Collected data:
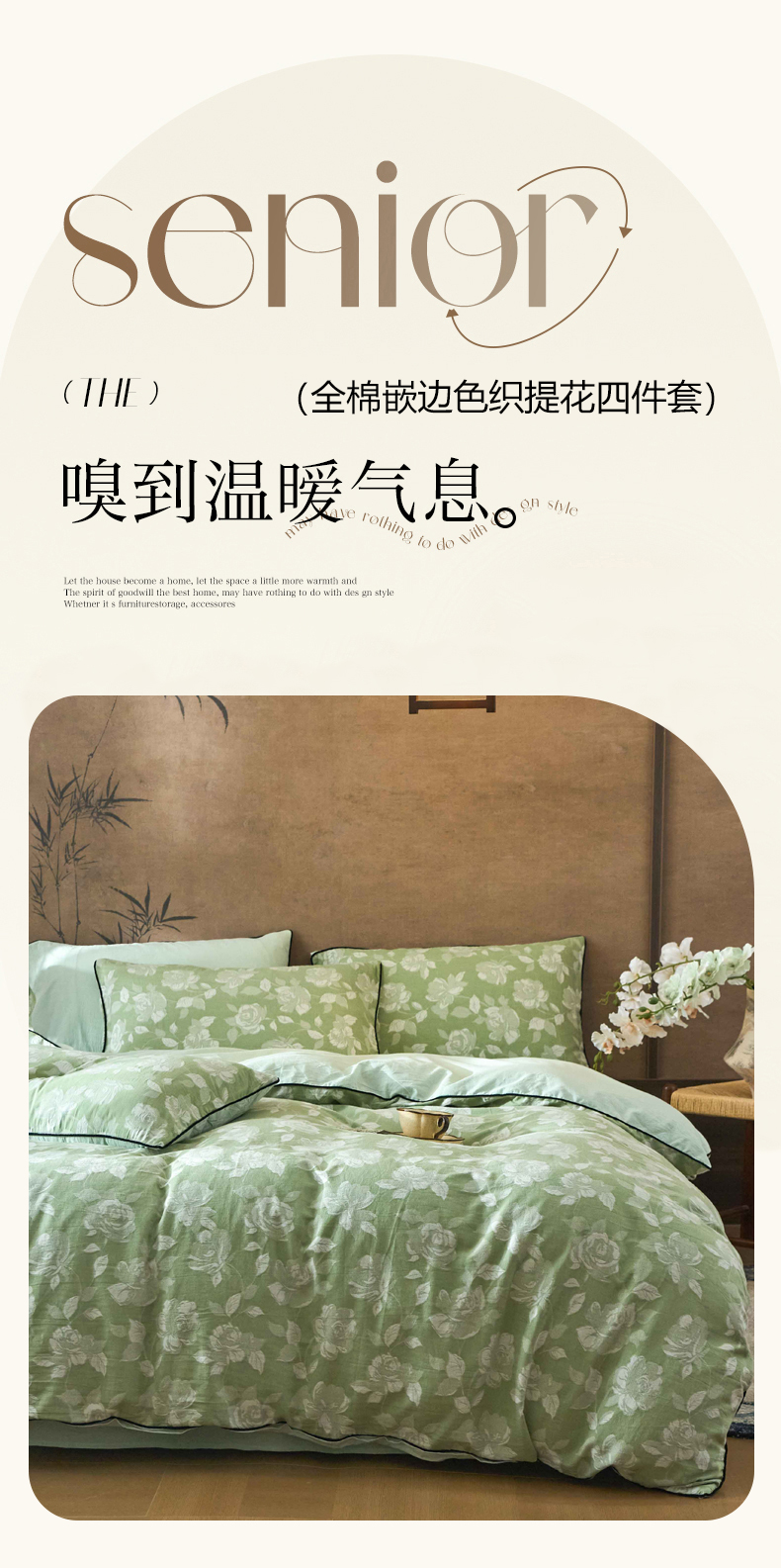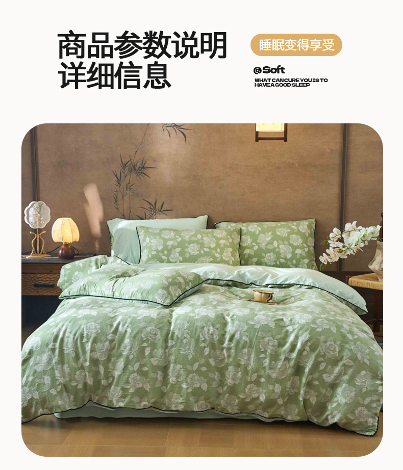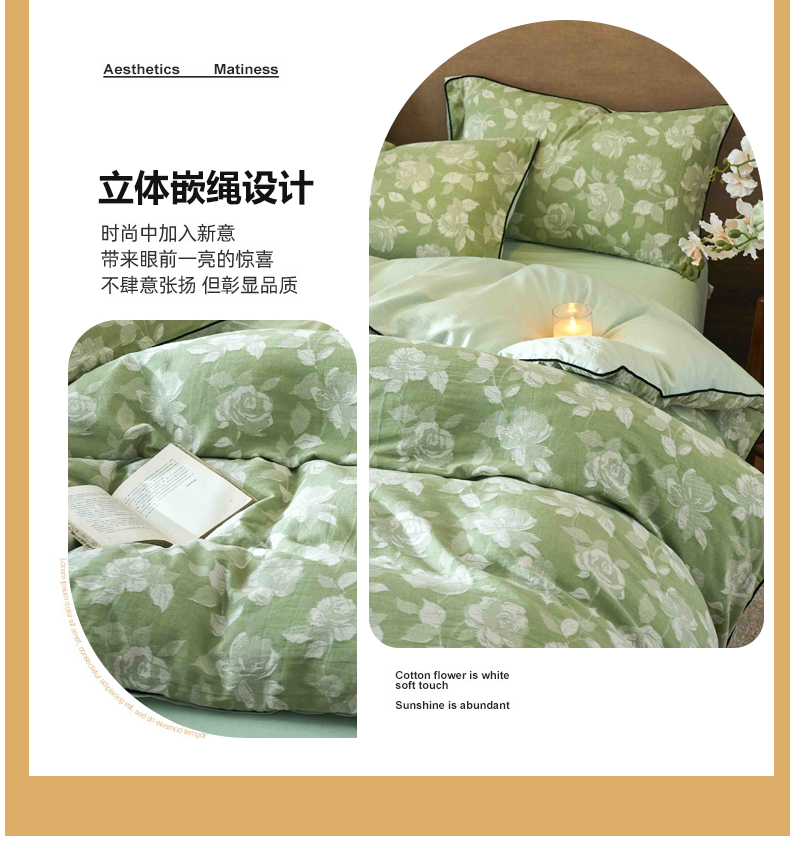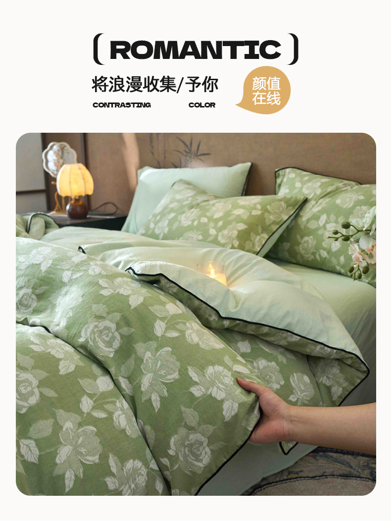 当前位置: 91家纺网 > 商品网购 > 床品套件 > 四件套 > 全棉普通四件套 > 兰紫橙家纺 2025新款全棉纯棉嵌边色织提花四件套 玫瑰之约-草绿
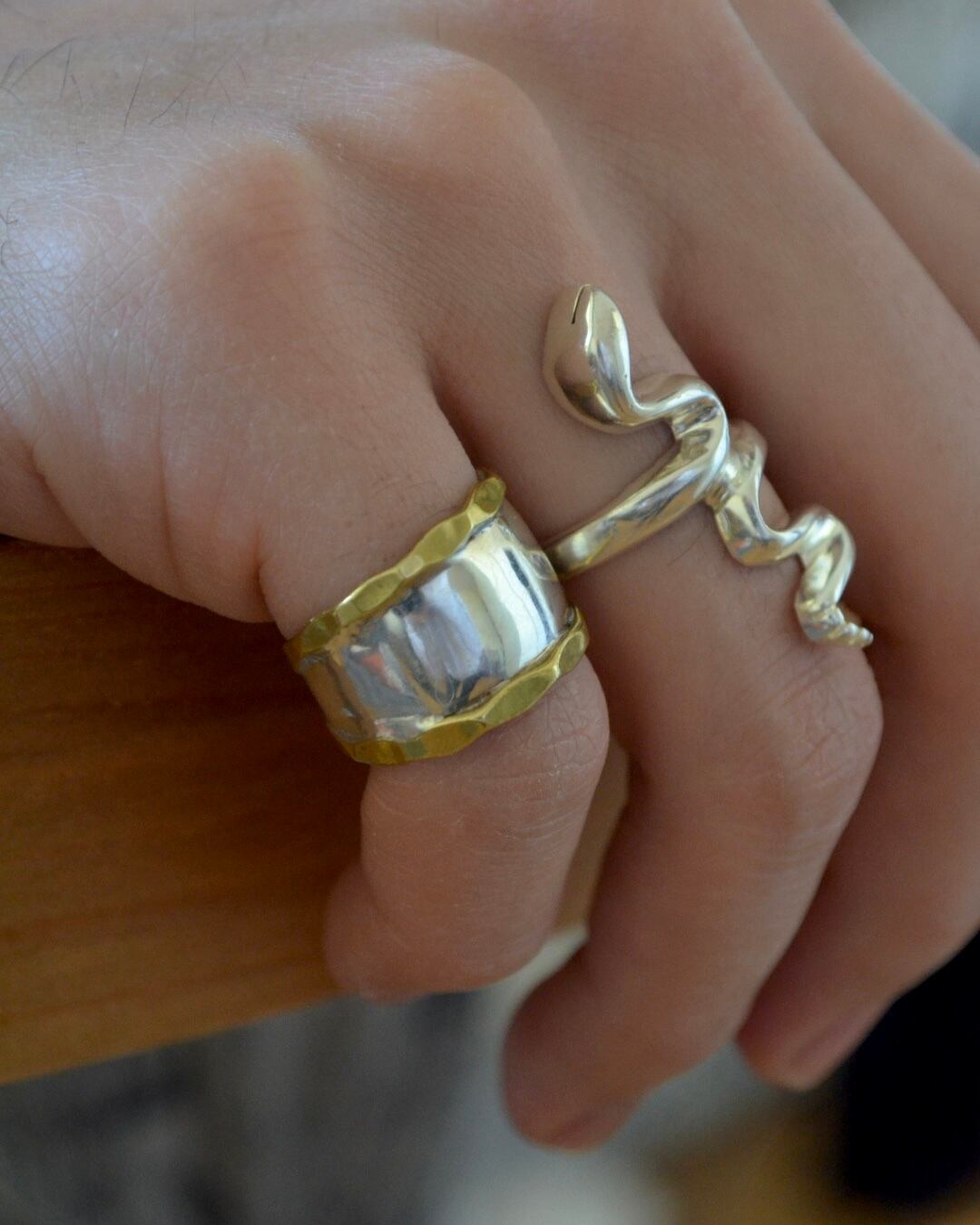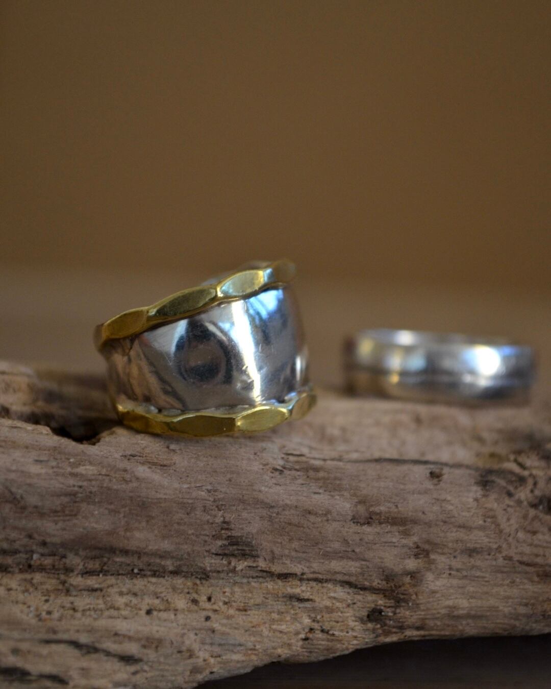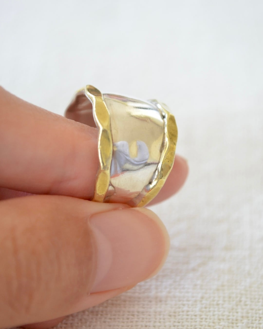⑥槌目ふちリング ツートーンカラー(11-12号) メキシカンシルバー
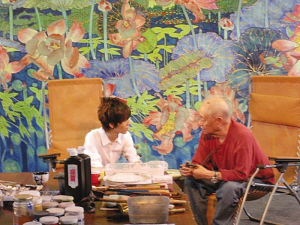黃永玉在北京的居所——萬(wàn)荷堂充滿了田園風(fēng)光和藝術(shù)氣氛,成了本次“求學(xué)”對(duì)話的最佳地點(diǎn)。來(lái)到京郊,漸漸行至萬(wàn)荷堂,原本因胃痛而精神不佳的郭敬明忽然緊張起來(lái),見(jiàn)慣了大場(chǎng)面的他反復(fù)表示“很緊張”。沒(méi)有上課鈴,《大師課堂》悄然開(kāi)始,“老師”也走了出來(lái)。首次見(jiàn)到黃永玉老先生,郭敬明不停地翻看手中的文稿,為接下來(lái)的會(huì)面做著準(zhǔn)備。不過(guò),我們從他的眼神中,也看出了他內(nèi)心的期待。
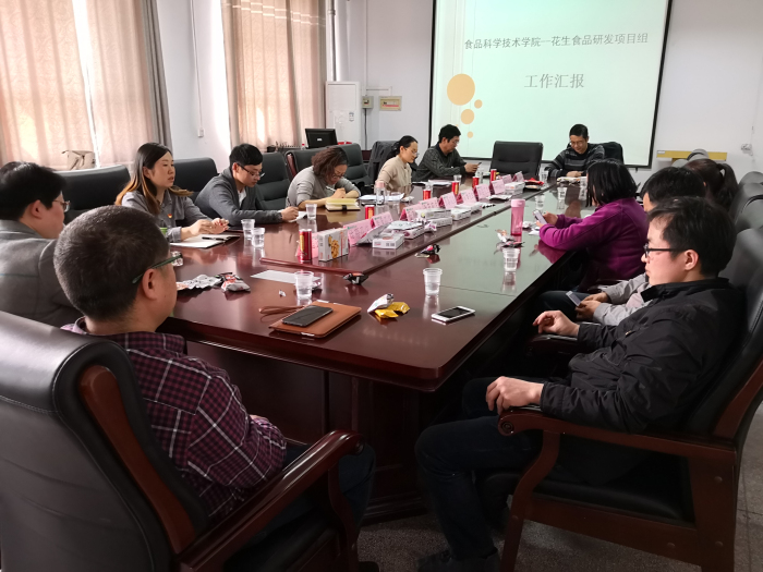 花生食品研发项目是哔咔漫画 首次以校企合作创新项目形式开展的研究项目。哔咔漫画 高度重视,精心组织,与合作企业正阳新地花生集团紧密配合,在短短的一年时间里就建起了花生休闲食品和花生饮料两条生产线,研发新产品20余个。会上,项目组成员宋晓燕、詹丽娟、赵秋艳和张建威等老师分享了一年来的工作经验和收获。
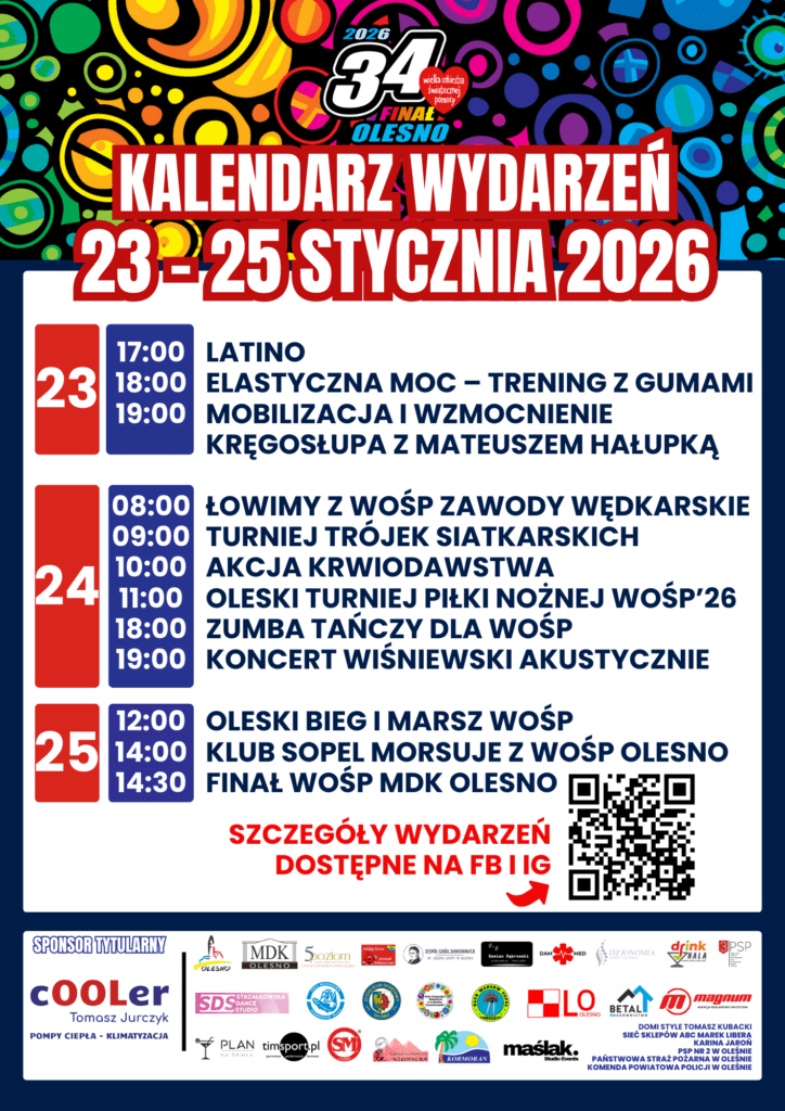 Kalendarz wydarzeń WOŚP na dni 23-25 stycznia Udostępniamy kolejną dawkę wośpowych wydarzeń – 23-25 stycznia Serdecznie zapraszamy do wspólnego grania z WOŚP – każdy znajdzie tu coś dla siebie! Anna Mann2026-01-20T11:12:06+00:00 Podziel się tym ze znajomymi! FacebookXRedditLinkedInWhatsAppTumblrPinterestVkXingEmail Podobne wpisy Aukcje WOŚP Zumba tańczy dla WOŚP Oleski Turniej Piłki Nożnej – WOŚP Mobilizacja i wzmocnienie kręgosłupa – WOŚP Akcja krwiodawstwa – WOŚP Latino Solo – zatańcz z WOŚP Kalendarz wydarzeń WOŚP na dni 16-21 stycznia Stretching dla dzieci – WOŚP Aquafitness dla WOŚP Pilates z Beatą – WOŚP Papaya x WOŚP Charyzma dla WOŚP

**ASSIGNED TASK:** The images are to be left out while the entries are written out exactly.

**SOLUTION TO THIS TASK:**
 当前位置: 91家纺网 > 商品网购 > 床品套件 > 四件套 > 全棉普通四件套 > 兰紫橙家纺 2025新款全棉纯棉嵌边色织提花四件套 玫瑰之约-草绿
⑥槌目ふちリング ツートーンカラー(11-12号) メキシカンシルバー
黃永玉在北京的居所——萬(wàn)荷堂充滿了田園風(fēng)光和藝術(shù)氣氛,成了本次“求學(xué)”對(duì)話的最佳地點(diǎn)。來(lái)到京郊,漸漸行至萬(wàn)荷堂,原本因胃痛而精神不佳的郭敬明忽然緊張起來(lái),見(jiàn)慣了大場(chǎng)面的他反復(fù)表示“很緊張”。沒(méi)有上課鈴,《大師課堂》悄然開(kāi)始,“老師”也走了出來(lái)。首次見(jiàn)到黃永玉老先生,郭敬明不停地翻看手中的文稿,為接下來(lái)的會(huì)面做著準(zhǔn)備。不過(guò),我們從他的眼神中,也看出了他內(nèi)心的期待。
 花生食品研发项目是哔咔漫画 首次以校企合作创新项目形式开展的研究项目。哔咔漫画 高度重视,精心组织,与合作企业正阳新地花生集团紧密配合,在短短的一年时间里就建起了花生休闲食品和花生饮料两条生产线,研发新产品20余个。会上,项目组成员宋晓燕、詹丽娟、赵秋艳和张建威等老师分享了一年来的工作经验和收获。
 Kalendarz wydarzeń WOŚP na dni 23-25 stycznia Udostępniamy kolejną dawkę wośpowych wydarzeń – 23-25 stycznia Serdecznie zapraszamy do wspólnego grania z WOŚP – każdy znajdzie tu coś dla siebie! Anna Mann2026-01-20T11:12:06+00:00 Podziel się tym ze znajomymi! FacebookXRedditLinkedInWhatsAppTumblrPinterestVkXingEmail Podobne wpisy Aukcje WOŚP Zumba tańczy dla WOŚP Oleski Turniej Piłki Nożnej – WOŚP Mobilizacja i wzmocnienie kręgosłupa – WOŚP Akcja krwiodawstwa – WOŚP Latino Solo – zatańcz z WOŚP Kalendarz wydarzeń WOŚP na dni 16-21 stycznia Stretching dla dzieci – WOŚP Aquafitness dla WOŚP Pilates z Beatą – WOŚP Papaya x WOŚP Charyzma dla WOŚP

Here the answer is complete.